Some tree remnants were dated as far back as AD 720 [27]. Maximum density of the trees estimated by the number of tree remnants (50–60 trees/ha) was observed from the end of the 12th century to the second half of the 13th century. After 1280–1300, the number of trees started declining, reaching a minimum between AD 1360 and 1450. The next period of tree abundance occurred from AD 1660 to 1740. The next decline started after 1730. It was found that the second minimum number of trees occurred in the second half of the 19th century [27,28]. The trends described were confirmed by dendrochronological dating of tree remnants in a high-elevation transect located 5 km northeast from the upper-right corner of the study area [29].
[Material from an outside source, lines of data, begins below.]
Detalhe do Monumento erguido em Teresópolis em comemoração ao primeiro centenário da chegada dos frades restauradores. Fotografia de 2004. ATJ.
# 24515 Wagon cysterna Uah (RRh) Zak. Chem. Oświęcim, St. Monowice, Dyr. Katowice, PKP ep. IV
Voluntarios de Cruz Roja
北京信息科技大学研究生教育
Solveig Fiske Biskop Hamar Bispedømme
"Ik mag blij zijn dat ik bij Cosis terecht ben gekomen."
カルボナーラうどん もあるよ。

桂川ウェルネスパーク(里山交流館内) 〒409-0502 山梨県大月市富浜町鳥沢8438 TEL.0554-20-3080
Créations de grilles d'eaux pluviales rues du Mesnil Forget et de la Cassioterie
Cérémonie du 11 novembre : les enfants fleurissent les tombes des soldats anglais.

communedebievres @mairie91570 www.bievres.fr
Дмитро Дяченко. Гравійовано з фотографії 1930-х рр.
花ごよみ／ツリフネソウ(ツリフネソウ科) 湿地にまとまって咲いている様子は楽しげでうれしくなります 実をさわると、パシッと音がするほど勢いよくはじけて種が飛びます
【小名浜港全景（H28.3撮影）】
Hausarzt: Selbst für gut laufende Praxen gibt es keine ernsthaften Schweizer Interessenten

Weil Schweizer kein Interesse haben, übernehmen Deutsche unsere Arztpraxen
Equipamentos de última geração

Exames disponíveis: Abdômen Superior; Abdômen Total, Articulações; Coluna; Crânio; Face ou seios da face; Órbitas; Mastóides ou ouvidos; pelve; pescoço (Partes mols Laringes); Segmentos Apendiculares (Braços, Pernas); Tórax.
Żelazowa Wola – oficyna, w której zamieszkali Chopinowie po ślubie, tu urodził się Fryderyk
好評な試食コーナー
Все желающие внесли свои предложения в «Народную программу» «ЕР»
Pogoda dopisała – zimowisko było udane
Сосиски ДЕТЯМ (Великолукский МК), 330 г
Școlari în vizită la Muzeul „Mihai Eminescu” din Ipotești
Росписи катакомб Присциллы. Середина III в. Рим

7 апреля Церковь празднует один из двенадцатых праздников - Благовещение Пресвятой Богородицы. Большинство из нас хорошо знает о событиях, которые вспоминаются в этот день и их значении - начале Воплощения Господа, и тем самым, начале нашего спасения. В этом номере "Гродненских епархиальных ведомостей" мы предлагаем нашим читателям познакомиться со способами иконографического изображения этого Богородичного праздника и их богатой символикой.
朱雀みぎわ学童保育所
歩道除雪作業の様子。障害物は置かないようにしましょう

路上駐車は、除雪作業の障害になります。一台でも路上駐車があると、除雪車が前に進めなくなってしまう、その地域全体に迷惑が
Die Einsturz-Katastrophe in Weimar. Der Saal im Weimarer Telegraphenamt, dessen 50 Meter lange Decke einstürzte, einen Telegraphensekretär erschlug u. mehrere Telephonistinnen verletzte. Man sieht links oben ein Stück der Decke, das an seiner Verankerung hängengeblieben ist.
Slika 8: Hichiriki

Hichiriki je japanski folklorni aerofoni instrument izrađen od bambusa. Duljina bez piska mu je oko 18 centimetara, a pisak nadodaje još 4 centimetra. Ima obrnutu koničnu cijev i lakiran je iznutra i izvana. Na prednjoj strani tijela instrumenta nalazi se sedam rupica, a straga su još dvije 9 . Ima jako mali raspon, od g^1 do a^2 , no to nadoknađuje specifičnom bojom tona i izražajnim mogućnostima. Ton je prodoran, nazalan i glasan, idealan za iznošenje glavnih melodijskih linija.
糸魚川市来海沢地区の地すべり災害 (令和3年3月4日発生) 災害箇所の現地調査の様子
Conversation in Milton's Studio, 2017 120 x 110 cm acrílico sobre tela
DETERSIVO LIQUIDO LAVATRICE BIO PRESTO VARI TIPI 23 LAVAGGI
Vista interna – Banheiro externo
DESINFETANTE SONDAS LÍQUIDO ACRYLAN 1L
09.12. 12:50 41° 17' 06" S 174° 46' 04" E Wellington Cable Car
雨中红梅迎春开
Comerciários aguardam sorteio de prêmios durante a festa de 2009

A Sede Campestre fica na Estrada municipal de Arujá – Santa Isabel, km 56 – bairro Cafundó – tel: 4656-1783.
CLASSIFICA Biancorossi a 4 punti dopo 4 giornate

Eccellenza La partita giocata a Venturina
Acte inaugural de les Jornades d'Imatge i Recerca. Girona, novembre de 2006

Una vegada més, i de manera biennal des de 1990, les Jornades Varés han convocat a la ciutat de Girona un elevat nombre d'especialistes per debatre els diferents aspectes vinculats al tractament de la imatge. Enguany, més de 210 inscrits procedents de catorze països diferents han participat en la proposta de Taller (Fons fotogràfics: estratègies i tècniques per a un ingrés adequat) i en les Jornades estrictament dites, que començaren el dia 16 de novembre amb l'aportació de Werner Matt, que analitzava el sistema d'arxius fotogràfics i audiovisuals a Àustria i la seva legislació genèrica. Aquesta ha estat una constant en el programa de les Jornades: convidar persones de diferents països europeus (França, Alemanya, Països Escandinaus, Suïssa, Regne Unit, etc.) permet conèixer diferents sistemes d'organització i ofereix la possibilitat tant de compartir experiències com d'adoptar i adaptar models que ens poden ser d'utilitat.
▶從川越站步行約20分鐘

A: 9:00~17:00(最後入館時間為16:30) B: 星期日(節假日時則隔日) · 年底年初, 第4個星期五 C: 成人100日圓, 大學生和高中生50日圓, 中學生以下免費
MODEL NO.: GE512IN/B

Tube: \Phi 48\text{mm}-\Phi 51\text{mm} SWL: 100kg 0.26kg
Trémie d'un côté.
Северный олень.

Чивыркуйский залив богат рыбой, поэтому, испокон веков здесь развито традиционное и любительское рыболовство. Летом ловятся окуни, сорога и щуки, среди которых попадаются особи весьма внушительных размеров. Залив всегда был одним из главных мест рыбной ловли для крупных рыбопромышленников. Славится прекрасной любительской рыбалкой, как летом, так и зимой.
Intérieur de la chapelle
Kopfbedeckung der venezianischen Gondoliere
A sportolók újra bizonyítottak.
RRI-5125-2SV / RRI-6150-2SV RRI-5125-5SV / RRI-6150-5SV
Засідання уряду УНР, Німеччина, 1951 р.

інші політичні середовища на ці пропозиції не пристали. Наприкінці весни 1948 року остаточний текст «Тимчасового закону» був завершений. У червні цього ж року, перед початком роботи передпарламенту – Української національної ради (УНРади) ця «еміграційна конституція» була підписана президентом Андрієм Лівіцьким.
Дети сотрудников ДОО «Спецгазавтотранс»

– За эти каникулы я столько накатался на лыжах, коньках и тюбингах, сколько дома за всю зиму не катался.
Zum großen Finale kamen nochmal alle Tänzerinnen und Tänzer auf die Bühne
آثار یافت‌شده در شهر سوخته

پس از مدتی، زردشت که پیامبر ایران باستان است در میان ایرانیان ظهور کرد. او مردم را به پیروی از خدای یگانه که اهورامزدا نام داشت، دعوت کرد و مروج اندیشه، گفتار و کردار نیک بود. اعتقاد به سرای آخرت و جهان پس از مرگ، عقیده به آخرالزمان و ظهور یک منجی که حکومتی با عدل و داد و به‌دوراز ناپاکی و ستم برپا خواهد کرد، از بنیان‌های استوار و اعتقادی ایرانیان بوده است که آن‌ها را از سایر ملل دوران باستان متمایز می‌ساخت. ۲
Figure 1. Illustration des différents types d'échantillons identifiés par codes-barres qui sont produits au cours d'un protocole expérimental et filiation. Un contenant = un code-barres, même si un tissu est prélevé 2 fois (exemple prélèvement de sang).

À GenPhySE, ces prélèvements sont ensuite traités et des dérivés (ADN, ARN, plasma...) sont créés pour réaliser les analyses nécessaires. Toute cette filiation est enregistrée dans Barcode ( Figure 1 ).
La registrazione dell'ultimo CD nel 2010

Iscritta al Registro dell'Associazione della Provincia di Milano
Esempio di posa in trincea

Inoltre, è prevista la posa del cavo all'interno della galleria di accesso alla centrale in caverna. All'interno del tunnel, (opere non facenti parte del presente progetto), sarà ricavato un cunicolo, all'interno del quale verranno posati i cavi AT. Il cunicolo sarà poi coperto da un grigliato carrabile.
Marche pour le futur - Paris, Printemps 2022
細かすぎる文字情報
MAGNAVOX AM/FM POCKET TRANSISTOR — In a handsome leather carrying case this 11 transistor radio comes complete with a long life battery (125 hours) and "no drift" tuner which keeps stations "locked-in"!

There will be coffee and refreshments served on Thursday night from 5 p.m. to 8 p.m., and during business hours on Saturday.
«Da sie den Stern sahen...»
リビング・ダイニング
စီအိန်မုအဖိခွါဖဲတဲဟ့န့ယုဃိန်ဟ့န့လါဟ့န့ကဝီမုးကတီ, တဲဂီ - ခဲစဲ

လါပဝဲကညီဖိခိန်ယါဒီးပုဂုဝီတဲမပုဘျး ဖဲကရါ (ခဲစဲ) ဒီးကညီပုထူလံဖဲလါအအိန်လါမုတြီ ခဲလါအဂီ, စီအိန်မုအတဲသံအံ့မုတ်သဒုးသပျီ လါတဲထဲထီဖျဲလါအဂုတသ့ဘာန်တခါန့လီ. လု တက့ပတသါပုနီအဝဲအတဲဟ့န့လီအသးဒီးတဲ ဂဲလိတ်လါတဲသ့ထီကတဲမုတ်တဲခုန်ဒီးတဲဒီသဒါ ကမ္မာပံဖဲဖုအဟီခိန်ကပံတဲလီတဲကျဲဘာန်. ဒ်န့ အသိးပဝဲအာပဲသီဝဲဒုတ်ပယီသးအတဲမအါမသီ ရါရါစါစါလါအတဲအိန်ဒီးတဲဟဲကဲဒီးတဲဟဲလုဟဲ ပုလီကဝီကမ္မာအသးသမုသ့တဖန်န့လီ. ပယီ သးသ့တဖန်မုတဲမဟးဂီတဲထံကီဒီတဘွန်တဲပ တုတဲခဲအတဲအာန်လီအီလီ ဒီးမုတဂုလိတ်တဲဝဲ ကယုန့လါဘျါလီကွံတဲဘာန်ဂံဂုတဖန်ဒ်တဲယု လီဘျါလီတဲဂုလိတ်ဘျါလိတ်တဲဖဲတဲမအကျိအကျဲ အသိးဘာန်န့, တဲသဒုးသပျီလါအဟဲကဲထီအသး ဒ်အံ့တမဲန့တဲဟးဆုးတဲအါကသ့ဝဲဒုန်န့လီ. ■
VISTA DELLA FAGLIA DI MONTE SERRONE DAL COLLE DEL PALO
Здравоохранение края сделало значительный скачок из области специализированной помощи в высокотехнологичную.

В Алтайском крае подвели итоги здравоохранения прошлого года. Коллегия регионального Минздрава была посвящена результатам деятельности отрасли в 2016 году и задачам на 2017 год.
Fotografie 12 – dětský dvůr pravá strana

Figure 5a demonstrates that the maximum number of larch specimens from the 1–10 year age category (yellow dots) is surrounded by trees from the 11–40 and 40+ age categories. This pattern can be due to several reasons, including presence of the trees in fruiting stage that serve as a semination source for the territory, and protection of younger trees from snow abrasion by larger trees [8,17,27]. The map presented in Figure 5b is based on a recent satellite image [17] and supports a previous conclusion that mature modern trees did not yet reach some parts of the study area where trees grew previously. Spatial resolution for drone images is greater than the resolution for previously used satellite images, and it was impossible to recognize smaller trees from younger generations of Siberian larch on satellite images.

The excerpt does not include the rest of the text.